So I wanted to dive into that a bit…
The first question might be, “What was the process you used to arrive at that?” And there were different aspects to that.
High-level Structure
The initial step was to look at the overall story and see what the meaningful chunks were. It ended up being roughly along paragraph boundaries, but not exactly. In fact, the initial paragraph made more sense to split into two, semantically, since they’re actually about different aspects of the story. (That could be considered a “bug” in the original story’s use of paragraphs.)
I actually think the high-level steps in Story give a pretty good overall sense of the progress of the story – that is, if you know what they mean. So that can be useful in computer code as well: by pushing lower-level details down into functions, you can allow someone to get a good sense of what a function is doing at a high level.
This raises an interesting point, which I hadn’t thought of before:
It’s easier to understand the lower level details when you know where they fit into the higher level structure.

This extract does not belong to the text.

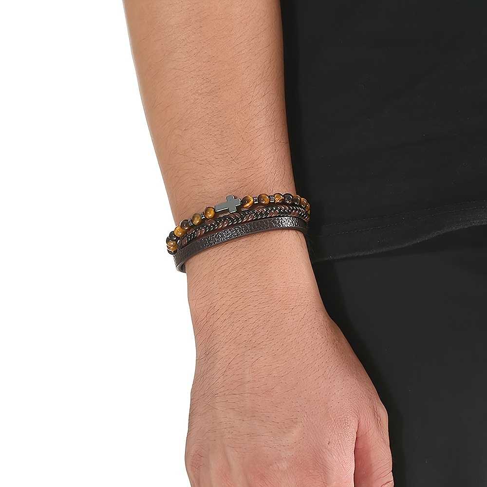 Bling Queen is an affordable fashion jewellery brand with various product types like bracelets, necklaces, earrings, rings, etc. suitable for women, men and kids. The Unisex Stainless Steel Multi Layer Yellow Brown Stone Beaded Cross Magnetic Leather Bracelet is a striking example of contemporary jewelry design that effortlessly combines style and symbolism. The bracelet features a multi layered design, with rich yellow and brown stone beads thoughtfully interspersed throughout. These stones add a natural element, each bead unique in color and texture, enhancing the bracelet's overall appeal. The cross motif, prominently displayed, serves as a powerful symbol of faith and individuality, making it a meaningful accessory for both men and women. The leather's rich texture contrasts beautifully with the sleek, polished stainless steel elements, creating a sophisticated look that complements a variety of outfits. The bracelet is secured with a convenient magnetic closure, ensuring ease of wear while providing a reliable fit.

Someone who has read The Three Bears, for example, can know exactly where this fits in:
define Sitting_In_My_Chair:
Someone's been sitting in my chairThey can see that small piece and understand its role in the overall story.
There is the counterpart to that as well:
It’s easier to understand the higher level structure when you know what the lower-level details do and where they fit.
Something like the overall structure of Story is only as clear as the step names can offer – and you can only put so much information into a name. That is one of the problems I have with the idea of “self-documenting code” as a sort of excuse for having virtually no comments in code: identifiers are of necessity limited. They can only contain and convey so much information.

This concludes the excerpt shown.